→ **ACTIVITY**
Everything in the listing below should be written out again exactly, except the pictures.

┄┄┄┄┄┄

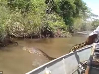 巴西渔民河中遇到“大肚巨蟒”强拉尾巴拖行
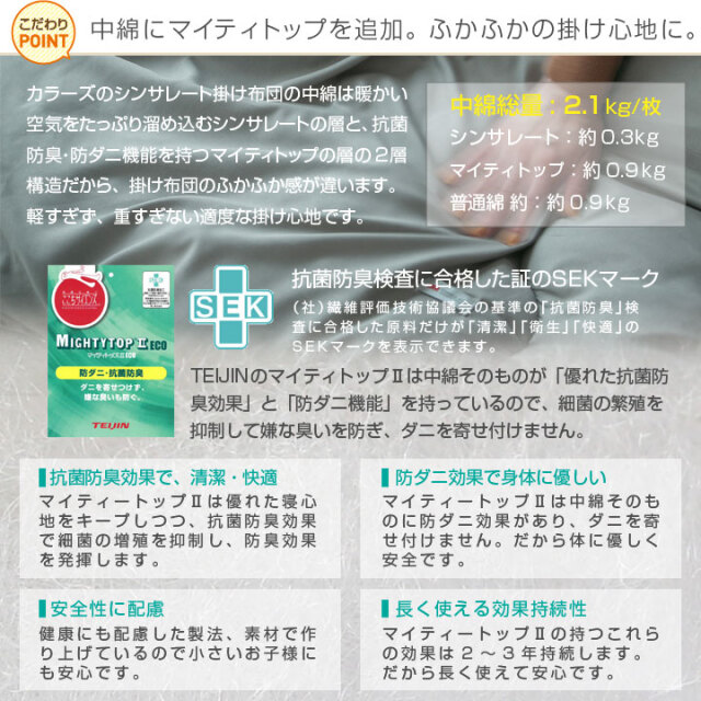 | 掛布団 | 約150×210cm | 側生地:ポリエステル 100% 中綿:ポリエステル 100% 2.1kg/枚 マイテイ50% シンサレート 100g/m2 |
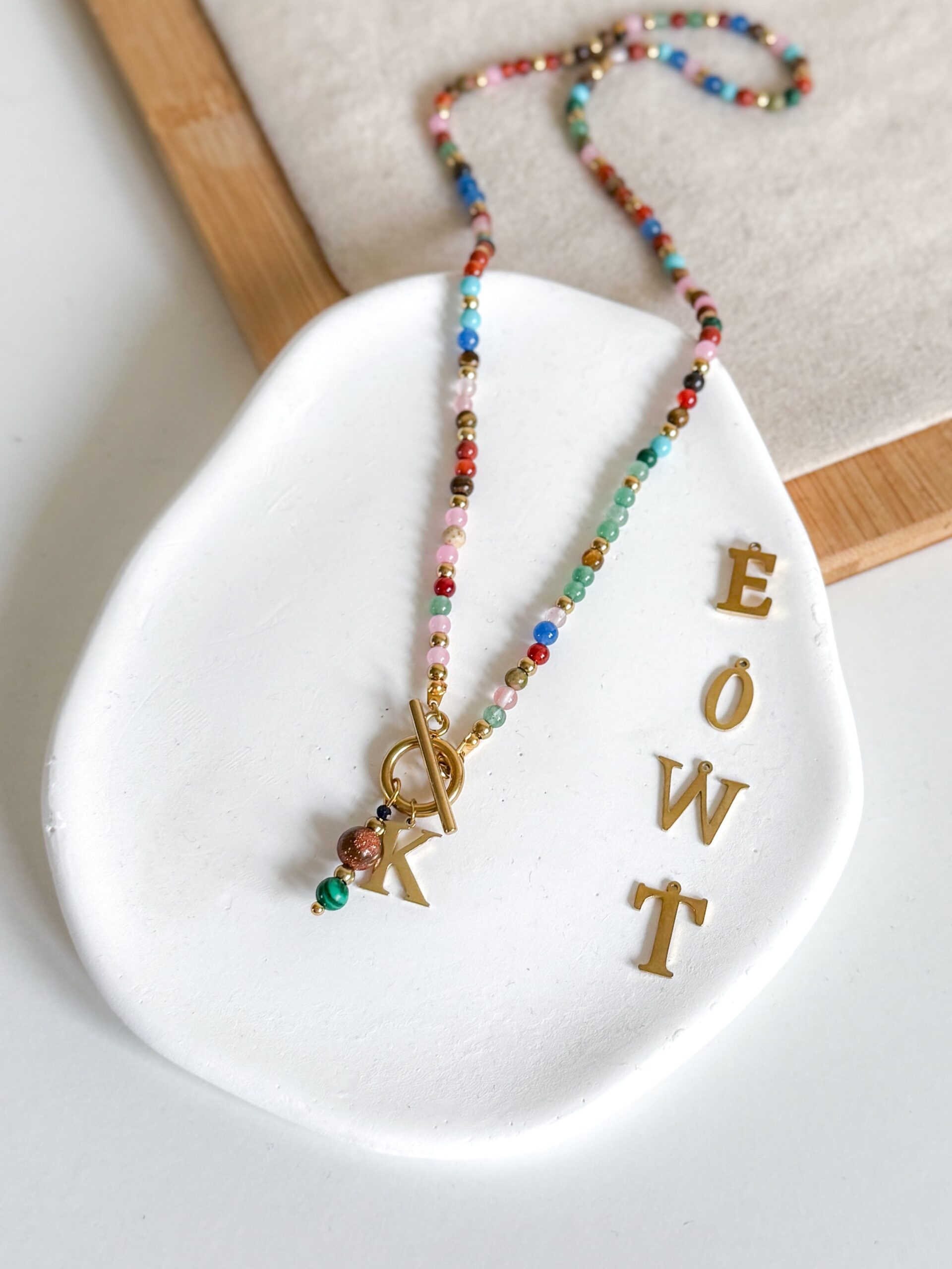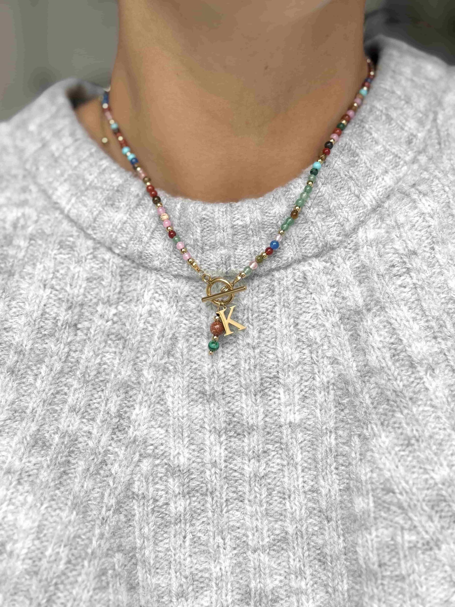 Naszyjnik z kamieni w jesiennych kolorach m.in. jadeit, malachit, fluoryt, turkus, tygrysie oko z dodatkową zawieszką z malachitu i piasku pustyni, a także dowolną literą (proszę w uwagach do zamówienia wpisać literę). Oprawa w kolorze złotym.
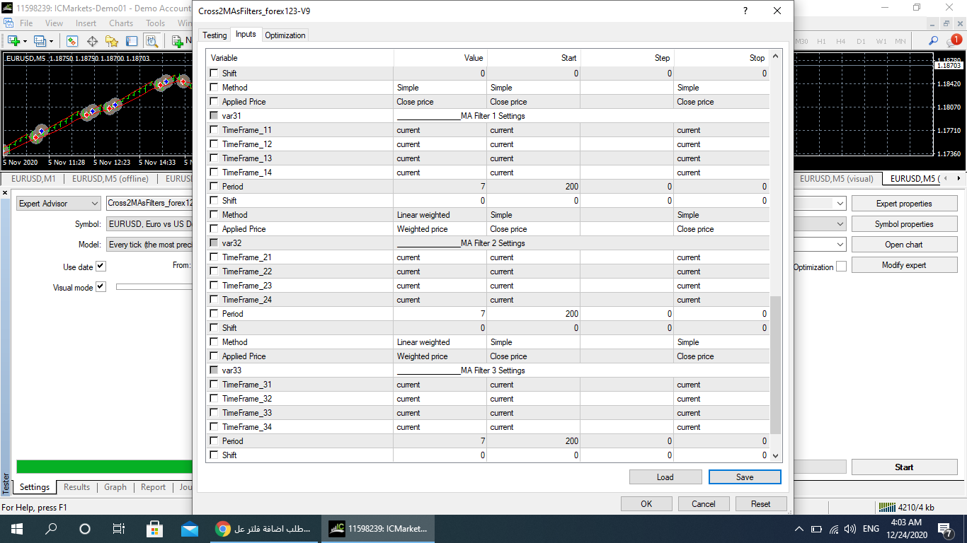 المهم انا هتجنن كنت واعمل نفس الخواص دي في الاكسبرت الي فيه كل الفلاتر داه بحيث يبقي عندي كل الاستراتيجيات في اكسبرت واحد
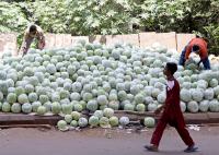 Gray pumpkins on sale at KR Market, ahead of Ayudha Pooja festival, in Bengaluru on Thursday 19th October 2023
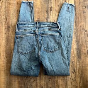 These Silver Jeans feature a sleek skinny fit in a classic blue hue, perfect for a modern casual look. The distressed detailing on the knees adds a trendy edge, while the soft denim ensures comfort throughout the day.
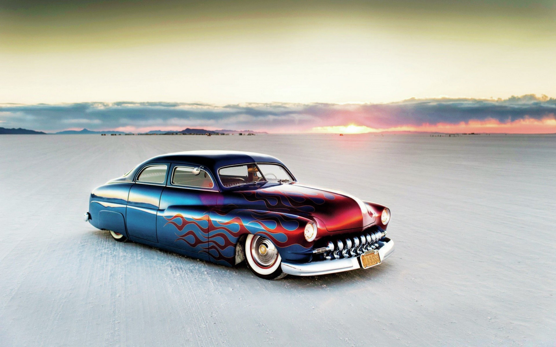Encuentro del amanecer en un coche retro
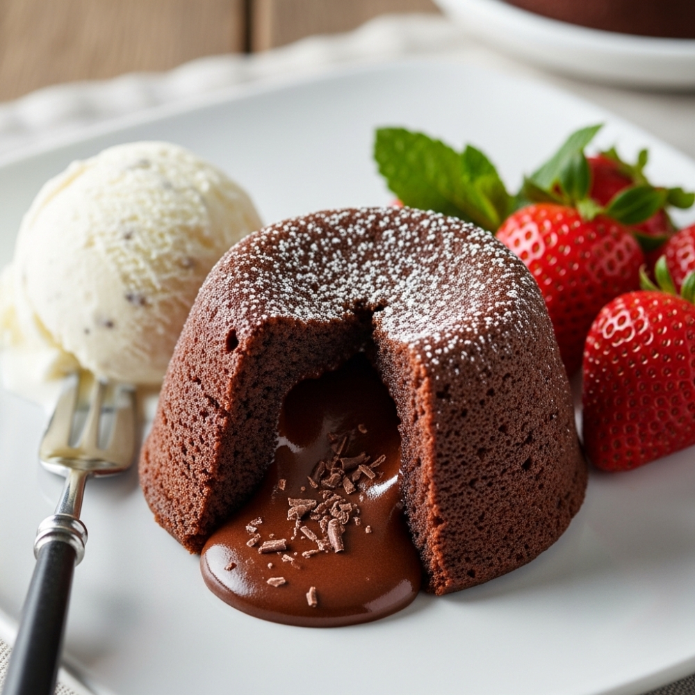 Serve your chocolate lava cake with a scoop of eggless vanilla ice cream, a dollop of whipped cream, or dusted with powdered sugar and fresh berries for a delightful contrast.
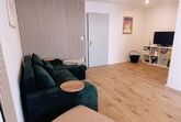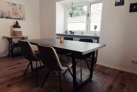 Entspannung findet ihr auf dem großen Sofa im Wohnzimmer. Hier könnt ihr die Füße hochlegen und einen Film bei Magenta TV schauen oder ein Buch aus unserer Buchsammlung lesen. Das Sofa ist ganz leicht ausziehbar und bietet für zwei weitere Personen Platz zum Schlafen. Auch am Esstisch haben bis zu vier Personen leicht Platz.
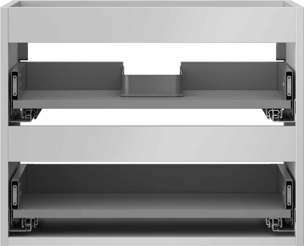 The cutout in the drawer is designed in such a way as to accommodate the siphon, which is essential in sink installations. This allows the furniture to be fully functional without having to give up drawer space for the installation.
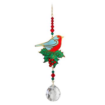 Dette smukke ophæng er håndlavet.Et spejlfinish fugle motiv i metal, som hænger mellem et matchende perleforløb og krystalkaskade i røde og grønne farver, der indeholder krystaller af høj kvalitet. Ophænget afsluttes med en strålende klar krystal kugle for maksimale farveglans og sollys effekter af fuglen.Når sollyset rammer ophænget stråler de smukkeste farver og mønstre ud i rummet og fortryller enhver der kommer forbi. Skab gode energier og høj æstetik med dette smukke krystal ophæng i hjemmet, på kontoret eller hvor du har brug for høje og positive energier og vibrationer. Motiv: 5 x 4 cm. Krystal: 2 x 2 cm Længde inkl. kæde:17 cm. Guld farvet kæde.
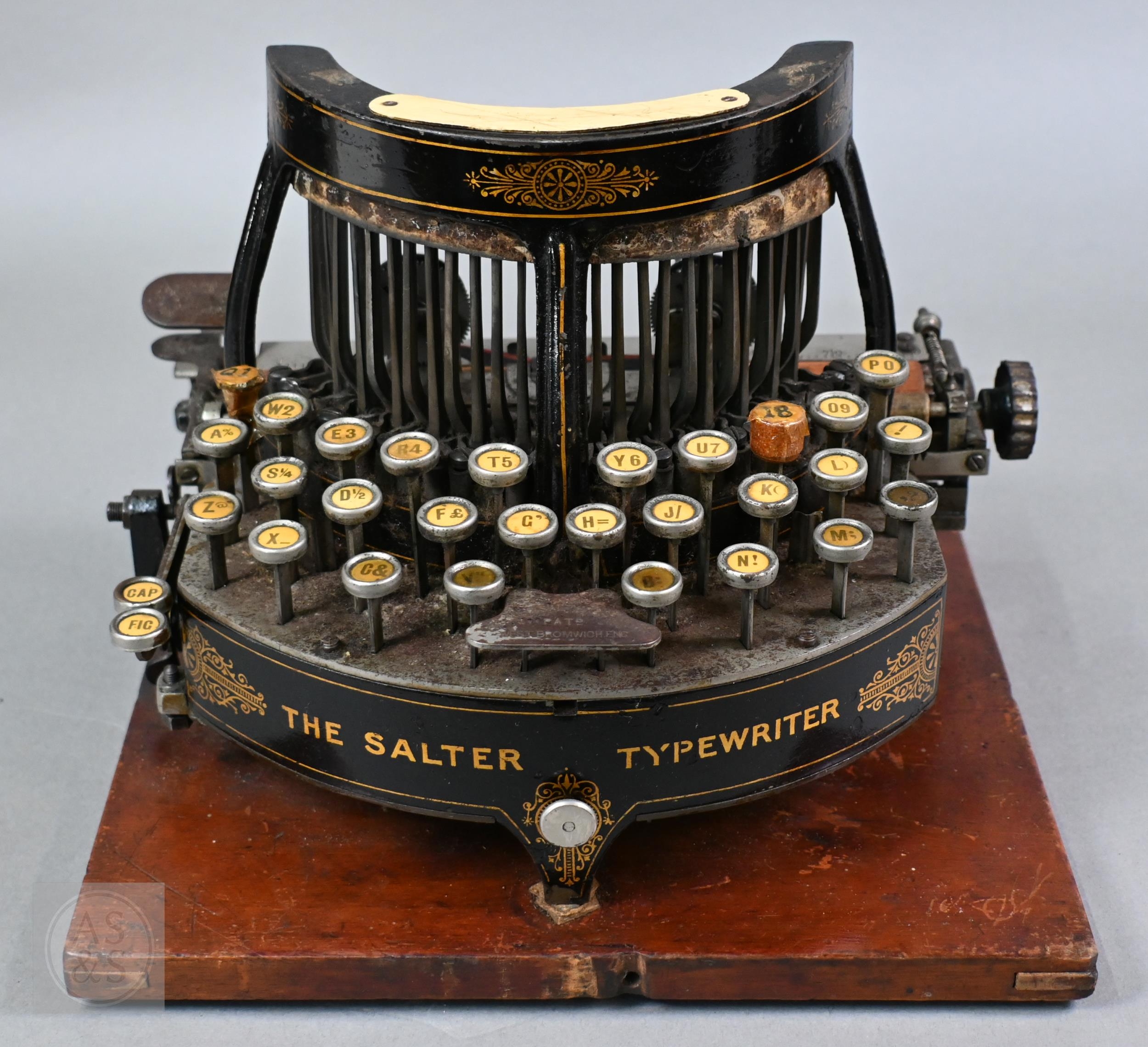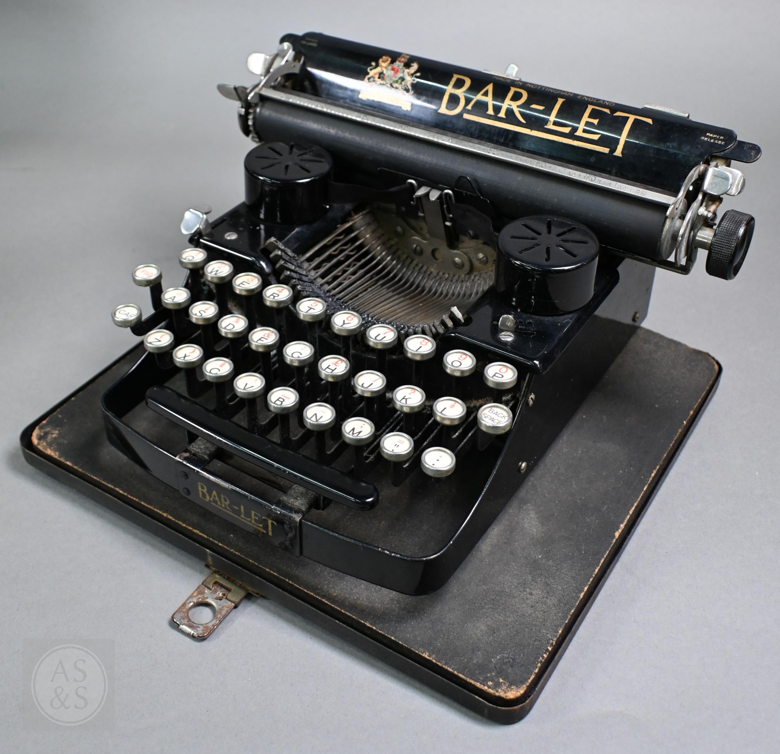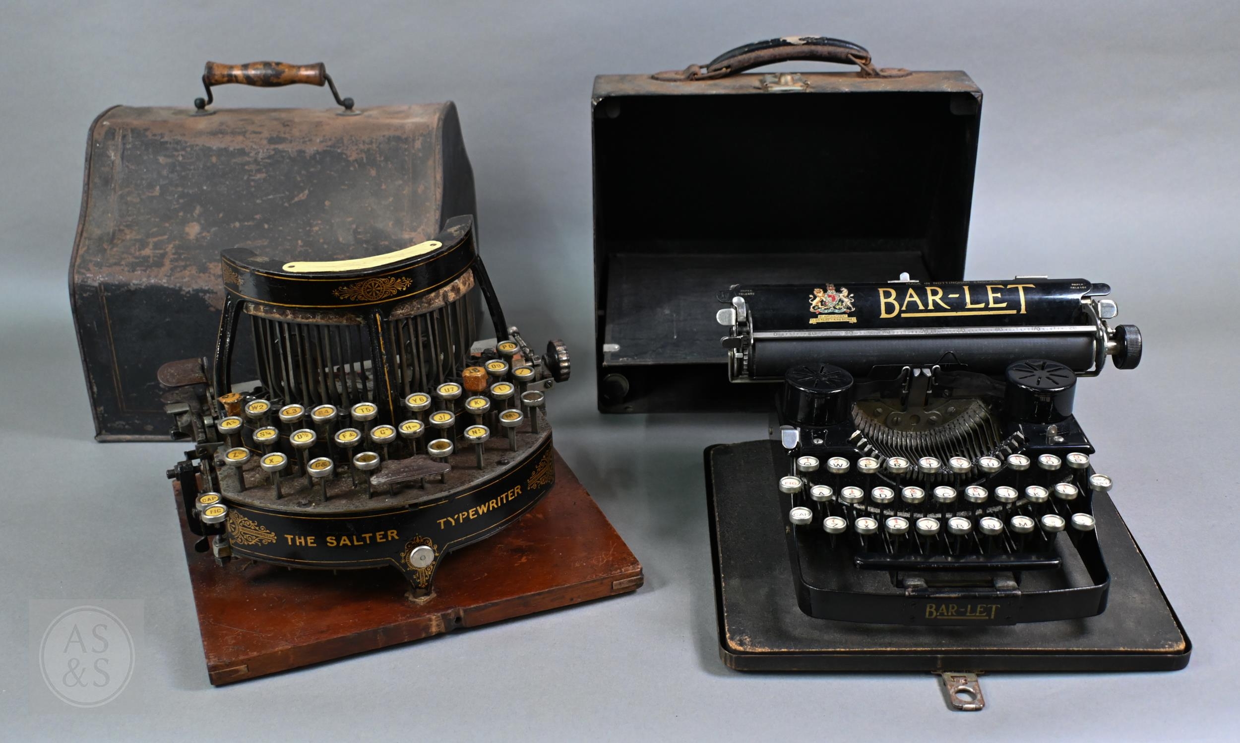A 19th Century Salter typewriter with tin cover, to/w a John Jardine (Nottingham) Bar-Let typewriter in tin case (2)

┄┄┄┄┄┄

→ **RESULT FOR THIS EXERCISE**
 巴西渔民河中遇到“大肚巨蟒”强拉尾巴拖行
 | 掛布団 | 約150×210cm | 側生地:ポリエステル 100% 中綿:ポリエステル 100% 2.1kg/枚 マイテイ50% シンサレート 100g/m2 |
 Naszyjnik z kamieni w jesiennych kolorach m.in. jadeit, malachit, fluoryt, turkus, tygrysie oko z dodatkową zawieszką z malachitu i piasku pustyni, a także dowolną literą (proszę w uwagach do zamówienia wpisać literę). Oprawa w kolorze złotym.
 المهم انا هتجنن كنت واعمل نفس الخواص دي في الاكسبرت الي فيه كل الفلاتر داه بحيث يبقي عندي كل الاستراتيجيات في اكسبرت واحد
 Gray pumpkins on sale at KR Market, ahead of Ayudha Pooja festival, in Bengaluru on Thursday 19th October 2023
 These Silver Jeans feature a sleek skinny fit in a classic blue hue, perfect for a modern casual look. The distressed detailing on the knees adds a trendy edge, while the soft denim ensures comfort throughout the day.
Encuentro del amanecer en un coche retro
 Serve your chocolate lava cake with a scoop of eggless vanilla ice cream, a dollop of whipped cream, or dusted with powdered sugar and fresh berries for a delightful contrast.
 Entspannung findet ihr auf dem großen Sofa im Wohnzimmer. Hier könnt ihr die Füße hochlegen und einen Film bei Magenta TV schauen oder ein Buch aus unserer Buchsammlung lesen. Das Sofa ist ganz leicht ausziehbar und bietet für zwei weitere Personen Platz zum Schlafen. Auch am Esstisch haben bis zu vier Personen leicht Platz.
 The cutout in the drawer is designed in such a way as to accommodate the siphon, which is essential in sink installations. This allows the furniture to be fully functional without having to give up drawer space for the installation.
 Dette smukke ophæng er håndlavet.Et spejlfinish fugle motiv i metal, som hænger mellem et matchende perleforløb og krystalkaskade i røde og grønne farver, der indeholder krystaller af høj kvalitet. Ophænget afsluttes med en strålende klar krystal kugle for maksimale farveglans og sollys effekter af fuglen.Når sollyset rammer ophænget stråler de smukkeste farver og mønstre ud i rummet og fortryller enhver der kommer forbi. Skab gode energier og høj æstetik med dette smukke krystal ophæng i hjemmet, på kontoret eller hvor du har brug for høje og positive energier og vibrationer. Motiv: 5 x 4 cm. Krystal: 2 x 2 cm Længde inkl. kæde:17 cm. Guld farvet kæde.
A 19th Century Salter typewriter with tin cover, to/w a John Jardine (Nottingham) Bar-Let typewriter in tin case (2)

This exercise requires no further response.